Colors (Pink, Yellow, Orange) Quotes in Everything, Everything
Actually, mine’s not blank at all, but I really can’t tell him how beautiful his eyes are. They’re Atlantic Ocean blue, just like he’d said. It’s strange because of course I’d known that. But the difference between knowing it and seeing them in person is the difference between dreaming of flying and flight.
Olly watched the color fade in the glass and remembered the day his dad got fired and how he’d been too afraid to comfort him. What if he had—would things be different now? What if?

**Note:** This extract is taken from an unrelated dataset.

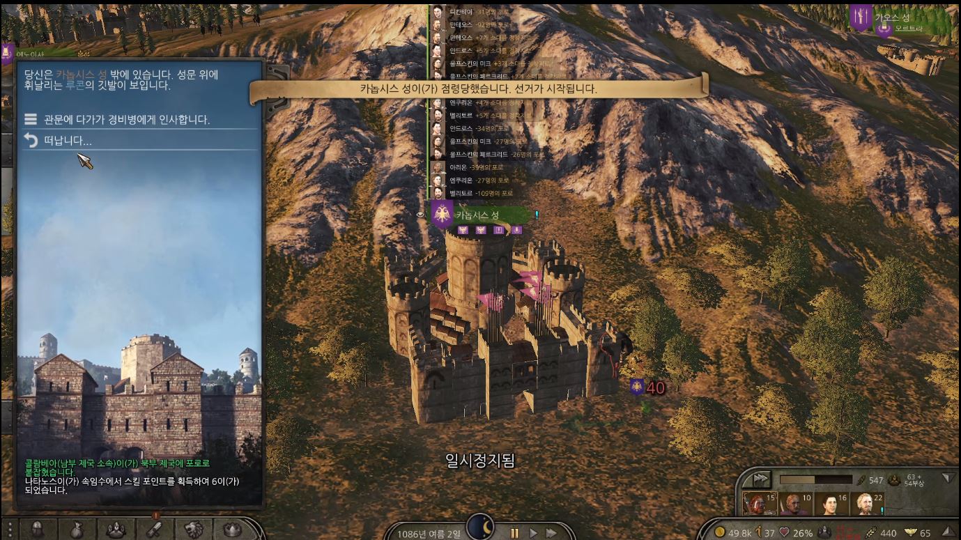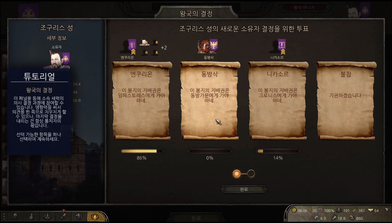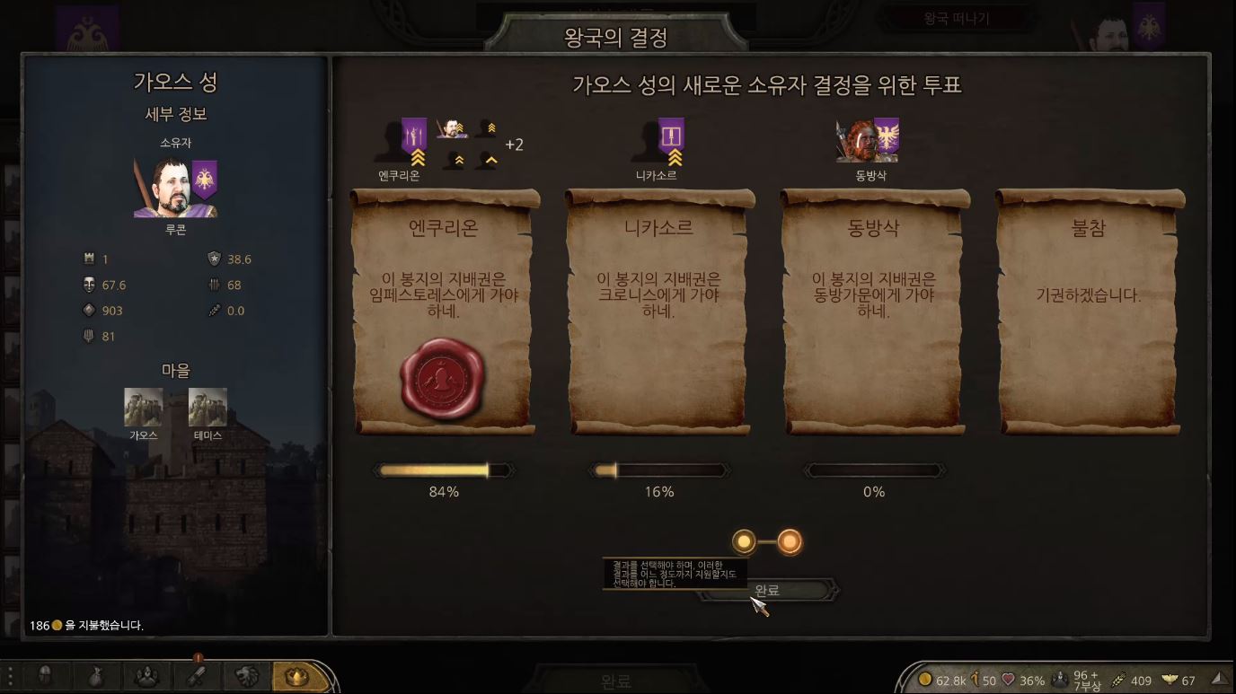 어느순간 공성전이 완료되고 성의 소유자를 가리는 투표가 진행됩니다.

He remembered how his dad had said that one thing doesn’t always lead to another.
Before, I was worried about keeping secrets from her. Now, I’m worried about not being able to have any secrets at all. I know she’s not upset that I bought new clothes. She’s upset that I didn’t ask her opinion and bought them in colors that she didn’t expect. She’s upset with the change she didn’t see coming. I resent and understand it at the same time.

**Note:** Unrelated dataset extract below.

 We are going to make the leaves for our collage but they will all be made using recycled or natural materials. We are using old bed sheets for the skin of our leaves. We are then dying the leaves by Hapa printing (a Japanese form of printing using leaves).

“Of course I regret it. A lot of bad things happened on that trip. And when my mother and father died, I couldn’t go back for the funerals. Rosa doesn’t know anything about where she’s from.” She sighs. “You’re not living if you’re not regretting.”
What am I going to regret? My mind cycles through visions: my mom alone in my white room wondering where everyone she’s ever loved went. My mom alone in a green field staring down at my grave and my dad’s grave and my brother’s grave. My mom dying all alone in that house.